Re: [PATCH RFC 2/2] mm, hugetlb: do not rely on overcommit limit during migration

From: Michal Hocko
Date: Wed Nov 29 2017 - 04:22:43 EST


What about this on top. I haven't tested this yet though.
---
diff --git a/include/linux/hugetlb.h b/include/linux/hugetlb.h
index 1b6d7783c717..f5fcd4e355dc 100644
--- a/include/linux/hugetlb.h
+++ b/include/linux/hugetlb.h
@@ -119,6 +119,7 @@ long hugetlb_unreserve_pages(struct inode *inode, long start, long end,
long freed);
bool isolate_huge_page(struct page *page, struct list_head *list);
void putback_active_hugepage(struct page *page);
+void move_hugetlb_state(struct page *oldpage, struct page *newpage, int reason);
void free_huge_page(struct page *page);
void hugetlb_fix_reserve_counts(struct inode *inode);
extern struct mutex *hugetlb_fault_mutex_table;
@@ -232,6 +233,7 @@ static inline bool isolate_huge_page(struct page *page, struct list_head *list)
return false;
}
#define putback_active_hugepage(p) do {} while (0)
+#define move_hugetlb_state(old, new, reason) do {} while (0)

static inline unsigned long hugetlb_change_protection(struct vm_area_struct *vma,
unsigned long address, unsigned long end, pgprot_t newprot)
diff --git a/mm/hugetlb.c b/mm/hugetlb.c
index 037bf0f89463..30601c1c62f3 100644
--- a/mm/hugetlb.c
+++ b/mm/hugetlb.c
@@ -34,6 +34,7 @@
#include <linux/hugetlb_cgroup.h>
#include <linux/node.h>
#include <linux/userfaultfd_k.h>
+#include <linux/page_owner.h>
#include "internal.h"

int hugetlb_max_hstate __read_mostly;
@@ -4830,3 +4831,34 @@ void putback_active_hugepage(struct page *page)
spin_unlock(&hugetlb_lock);
put_page(page);
}
+
+void move_hugetlb_state(struct page *oldpage, struct page *newpage, int reason)
+{
+ struct hstate *h = page_hstate(oldpage);
+
+ hugetlb_cgroup_migrate(oldpage, newpage);
+ set_page_owner_migrate_reason(newpage, reason);
+
+ /*
+ * transfer temporary state of the new huge page.

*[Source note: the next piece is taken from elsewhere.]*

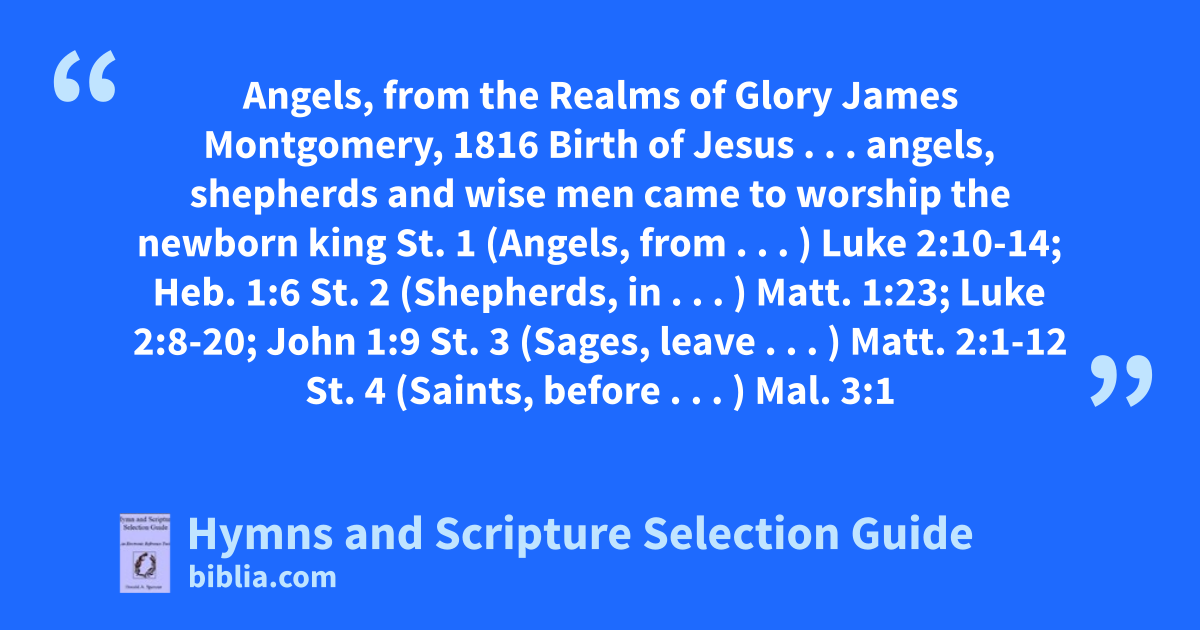 Angels, from the Realms of Glory James Montgomery, 1816 Birth of Jesus . . . angels, shepherds and wise men came to worship the newborn king St. 1 (Angels, from . . . ) Luke 2:10-14; Heb. 1:6 St. 2 (Shepherds, in . . . ) Matt. 1:23; Luke 2:8-20; John 1:9 St. 3 (Sages, leave . . . ) Matt. 2:1-12 St. 4 (Saints, before . . . ) Mal. 3:1

This is
+ * reverse to other transitions because the newpage is going to
+ * be final while the old one will be freed so it takes over
+ * the temporary status.
+ *
+ * Also note that we have to transfer the per-node surplus state
+ * here as well otherwise the global surplus count will not match
+ * the per-node's.
+ */
+ if (PageHugeTemporary(newpage)) {
+ int old_nid = page_to_nid(oldpage);
+ int new_nid = page_to_nid(newpage);
+
+ SetPageHugeTemporary(oldpage);
+ ClearPageHugeTemporary(newpage);
+
+ if (h->surplus_huge_pages_node[old_nid]) {
+ h->surplus_huge_pages_node[old_nid]--;
+ h->surplus_huge_pages_node[new_nid]++;
+ }
+ }
+}
diff --git a/mm/migrate.c b/mm/migrate.c
index b3345f8174a9..1e5525a25691 100644
--- a/mm/migrate.c
+++ b/mm/migrate.c
@@ -1323,22 +1323,8 @@ static int unmap_and_move_huge_page(new_page_t get_new_page,
put_anon_vma(anon_vma);

if (rc == MIGRATEPAGE_SUCCESS) {
- hugetlb_cgroup_migrate(hpage, new_hpage);
+ move_hugetlb_state(hpage, new_hpage, reason);
put_new_page = NULL;
- set_page_owner_migrate_reason(new_hpage, reason);
-
- /*
- * transfer temporary state of the new huge page. This is
- * reverse to other transitions because the newpage is going to
- * be final while the old one will be freed so it takes over
- * the temporary status.
- * No need for any locking here because destructor cannot race
- * with us.
- */
- if (PageHugeTemporary(new_hpage)) {
- SetPageHugeTemporary(hpage);
- ClearPageHugeTemporary(new_hpage);
- }
}

unlock_page(hpage);
--
Michal Hocko
SUSE Labs